Raw data: Begin

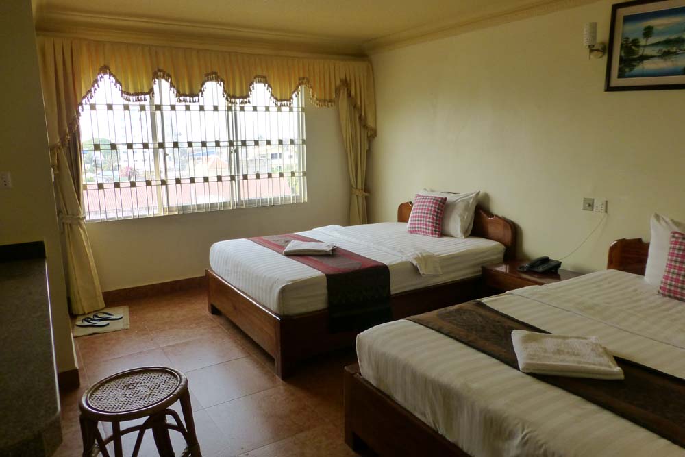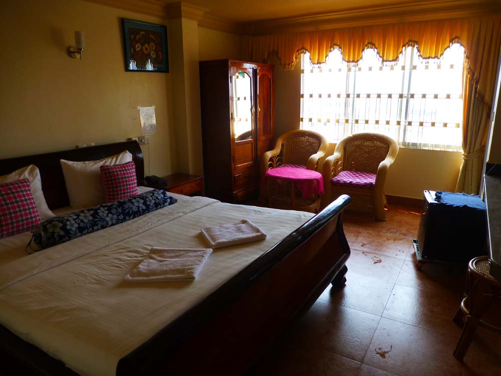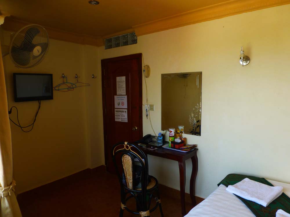 Schmales hohes Eckgebäude, 5 Etagen mit Fahrstuhl. Die Zimmer sind im Stil eines Mittelklassehotels gut möbliert, TV und Minibar. Hell geflieste Bäder mit Warmwasser. Es gibt wahlweise Ventilator oder AC.
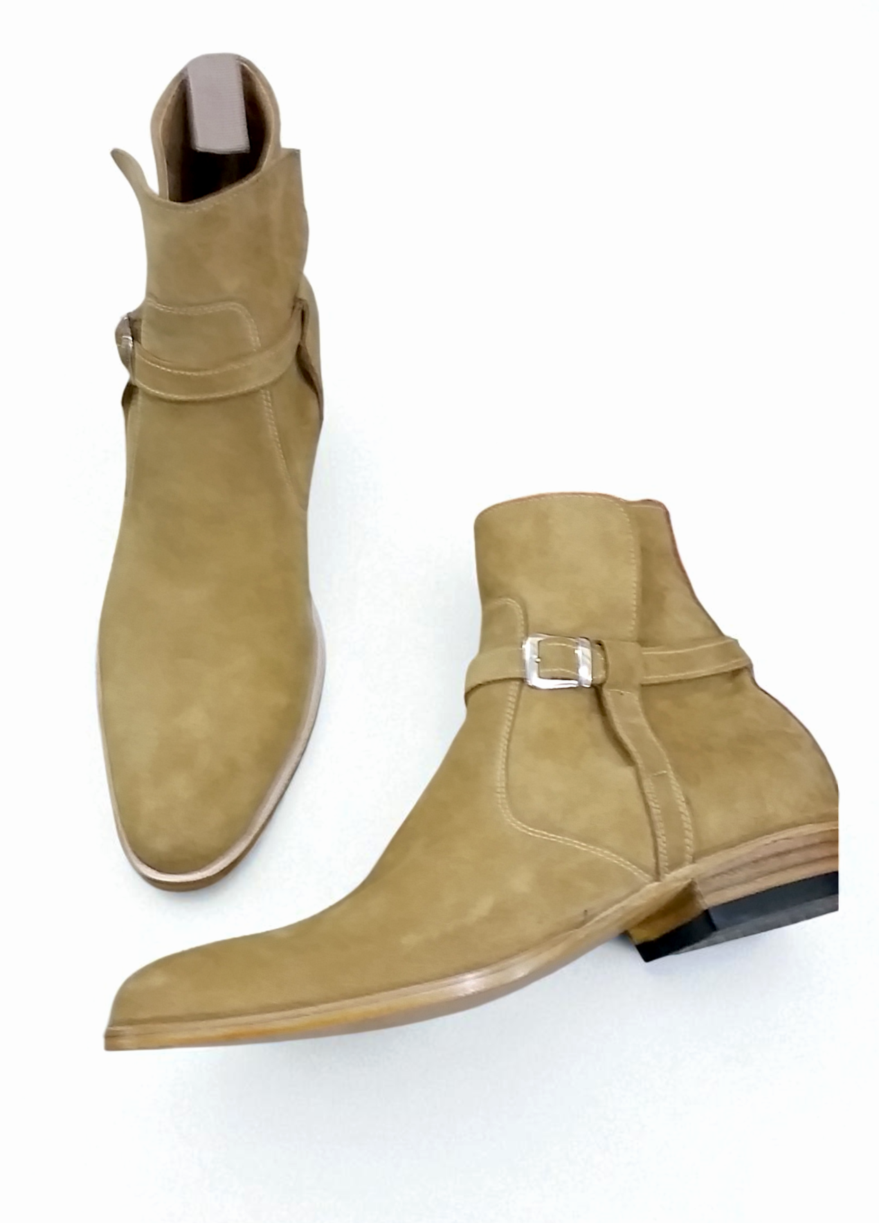 Crafted Leather New Mens Beige Suede Leather Jodhpur Buckle Strap Boot
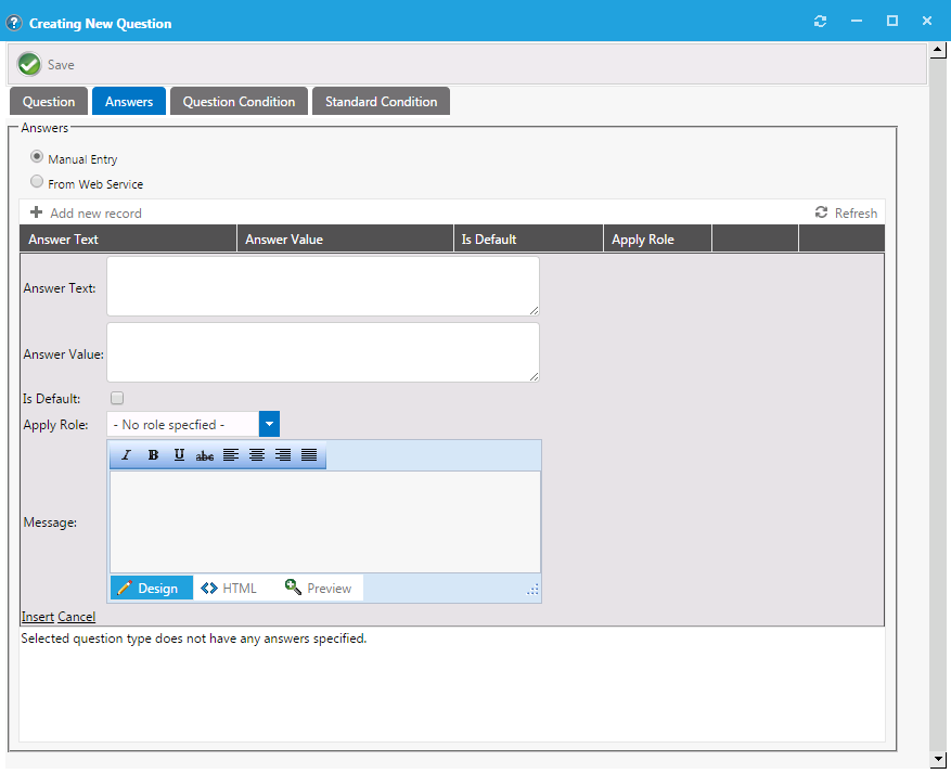 - In the Answer Text field, enter the value that will be displayed in the drop down list, such as
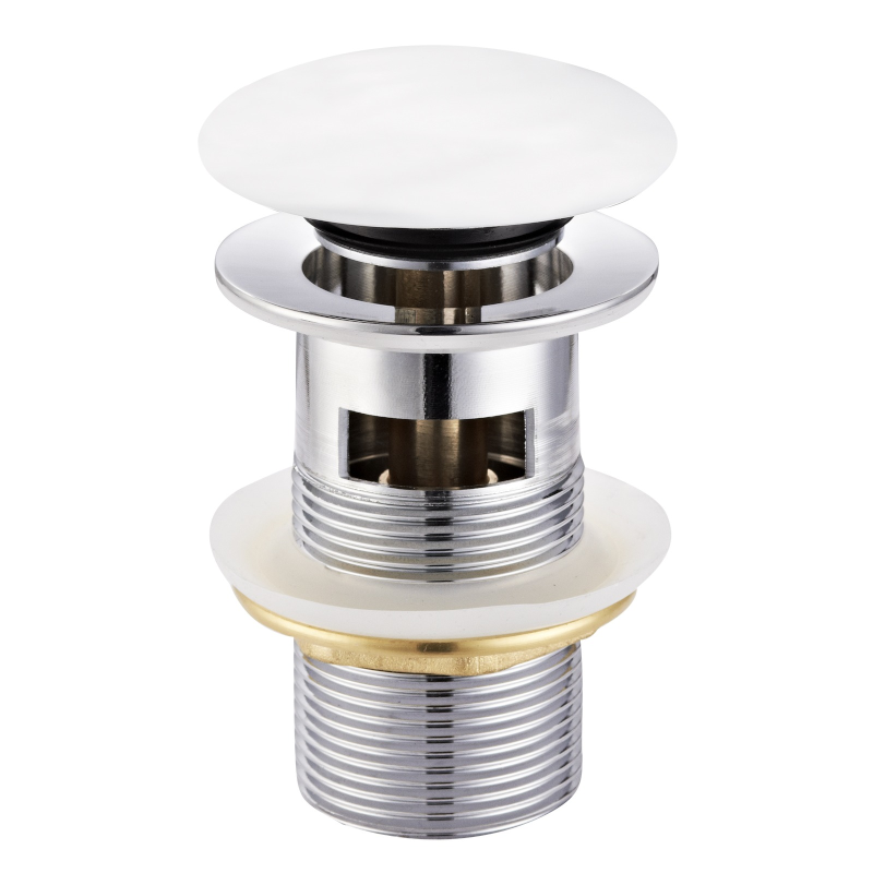 1) Донний клапан для раковини Volle click-clack з переливом латунь білий глянець
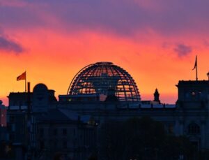 这是德国柏林晚霞映衬下的德国国会大厦(2022年11月4日摄)。(新华社记者任鹏飞摄)
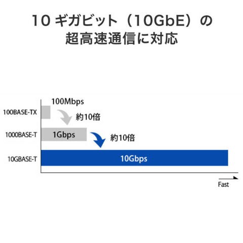 Gigabit(1000BASE-T)に比べて約10倍高速な10ギガビット(10GBASE-T)に対応。
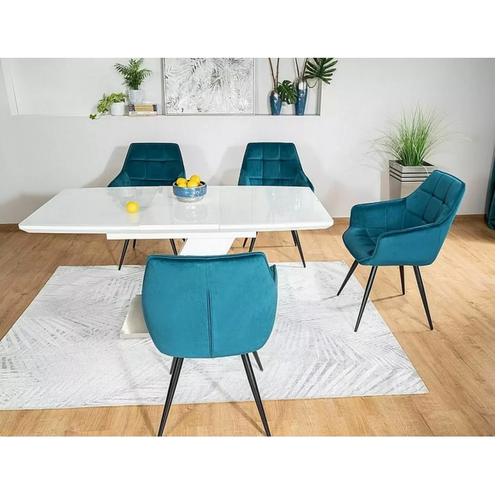 closeKrzesło Lilia Velvet marki Signal to elegancki mebel idealnie komponujący się we wnętrzach nowoczesnych i designerskich. Nogi krzesła są wykonane z metalu pomalowanego na czarno i ustawione pod kątem gwarantując stabilność i walory wizualne. Siedzisko wraz z oparciem krzesła są tapicerowane miłą w dotyku i pikowaną tkaniną Velvet zaś boki wyprofilowane.
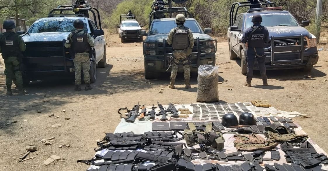 Elementos de la Policía Michoacán, en conjunto con el Ejército Mexicano y la Guardia Nacional, efectuaban trabajos en la localidad de Zacanguierete, sitio donde aseguraron cinco fusiles de diversos calibres, así como mil 764 cartuchos útiles y una bolsa que contenía hierba color verde con las características propias de la marihuana.
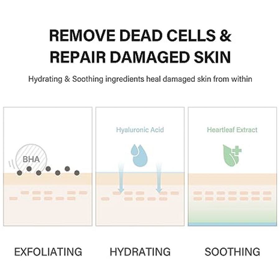 La formulazione è arricchita con estratto di Houttuynia Cordata, un ingrediente noto per le sue proprietà lenitive e purificanti, che calma e rinfresca la pelle, rendendoli perfetti anche per pelli sensibili. L'acido ialuronico, insieme ad altri attivi idratanti come il betaine e l'acqua di foglie di tè verde, assicura che la pelle rimanga morbida e idratata, evitando la sensazione di secchezza tipica dei trattamenti esfolianti.
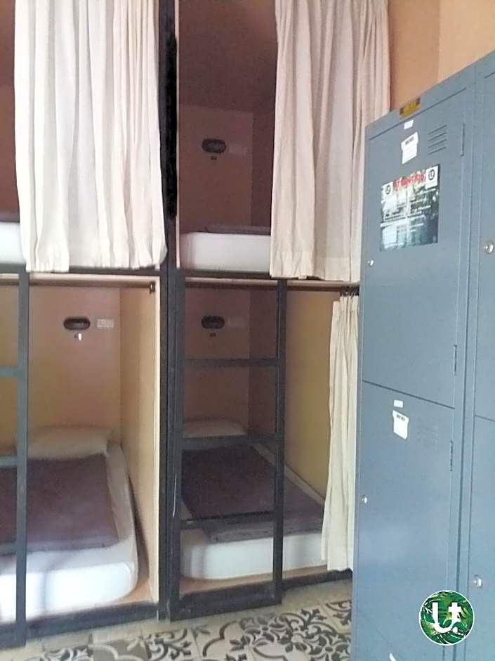 This bed in dormitory has a kitchen, kitchenware and seating area.
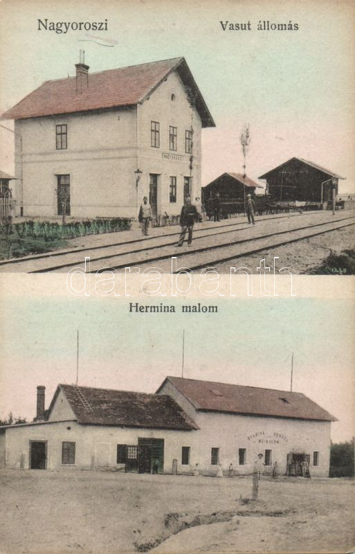 Beschreibung: Nagyoroszi Vasútállomás és Hermina malom
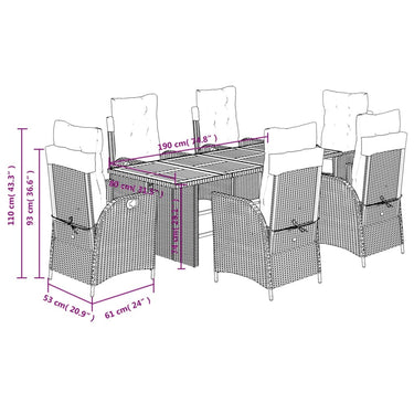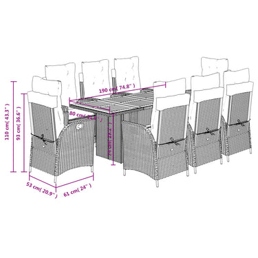 Ensemble à manger de jardin 9pcs coussins noir résine tressée
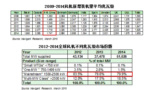 無論是國際咨詢公司Navigant research公布的全球歷年裝機(jī)情況,還是中國風(fēng)能協(xié)會(huì)公布的2014年中國裝機(jī)情況,都可以非常明顯的看到-風(fēng)力發(fā)電機(jī)的新增裝機(jī)量的平均兆瓦級(jí)是在增加的,詳情見下圖
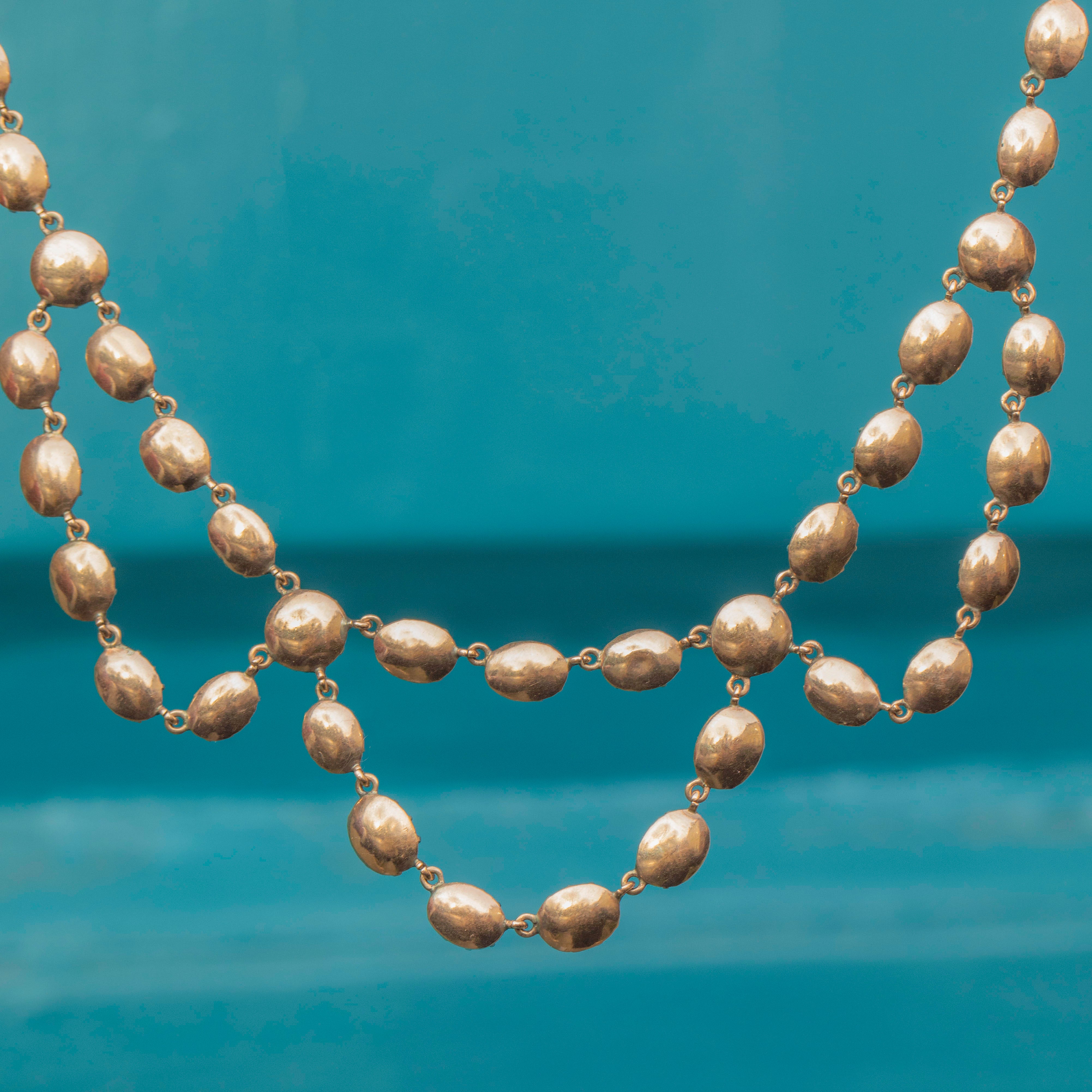 EXCELLENT: This Georgian 9ct Gold flat-cut Garnet swag necklace is in excellent condition! Each Garnet has been meticulously preserved and retains a gorgeous saturation. With a secure clasp, you can wear this antique necklace with the utmost confidence.

Raw data: End

The preceding entries should be duplicated word for word; no picture belongs in the copy.

*Output:*
 Schmales hohes Eckgebäude, 5 Etagen mit Fahrstuhl. Die Zimmer sind im Stil eines Mittelklassehotels gut möbliert, TV und Minibar. Hell geflieste Bäder mit Warmwasser. Es gibt wahlweise Ventilator oder AC.
 Crafted Leather New Mens Beige Suede Leather Jodhpur Buckle Strap Boot
 - In the Answer Text field, enter the value that will be displayed in the drop down list, such as
 1) Донний клапан для раковини Volle click-clack з переливом латунь білий глянець
 这是德国柏林晚霞映衬下的德国国会大厦(2022年11月4日摄)。(新华社记者任鹏飞摄)
 Gigabit(1000BASE-T)に比べて約10倍高速な10ギガビット(10GBASE-T)に対応。
 closeKrzesło Lilia Velvet marki Signal to elegancki mebel idealnie komponujący się we wnętrzach nowoczesnych i designerskich. Nogi krzesła są wykonane z metalu pomalowanego na czarno i ustawione pod kątem gwarantując stabilność i walory wizualne. Siedzisko wraz z oparciem krzesła są tapicerowane miłą w dotyku i pikowaną tkaniną Velvet zaś boki wyprofilowane.
 Elementos de la Policía Michoacán, en conjunto con el Ejército Mexicano y la Guardia Nacional, efectuaban trabajos en la localidad de Zacanguierete, sitio donde aseguraron cinco fusiles de diversos calibres, así como mil 764 cartuchos útiles y una bolsa que contenía hierba color verde con las características propias de la marihuana.
 La formulazione è arricchita con estratto di Houttuynia Cordata, un ingrediente noto per le sue proprietà lenitive e purificanti, che calma e rinfresca la pelle, rendendoli perfetti anche per pelli sensibili. L'acido ialuronico, insieme ad altri attivi idratanti come il betaine e l'acqua di foglie di tè verde, assicura che la pelle rimanga morbida e idratata, evitando la sensazione di secchezza tipica dei trattamenti esfolianti.
 This bed in dormitory has a kitchen, kitchenware and seating area.
 Beschreibung: Nagyoroszi Vasútállomás és Hermina malom
 Ensemble à manger de jardin 9pcs coussins noir résine tressée
 無論是國際咨詢公司Navigant research公布的全球歷年裝機(jī)情況,還是中國風(fēng)能協(xié)會(huì)公布的2014年中國裝機(jī)情況,都可以非常明顯的看到-風(fēng)力發(fā)電機(jī)的新增裝機(jī)量的平均兆瓦級(jí)是在增加的,詳情見下圖
 EXCELLENT: This Georgian 9ct Gold flat-cut Garnet swag necklace is in excellent condition! Each Garnet has been meticulously preserved and retains a gorgeous saturation. With a secure clasp, you can wear this antique necklace with the utmost confidence.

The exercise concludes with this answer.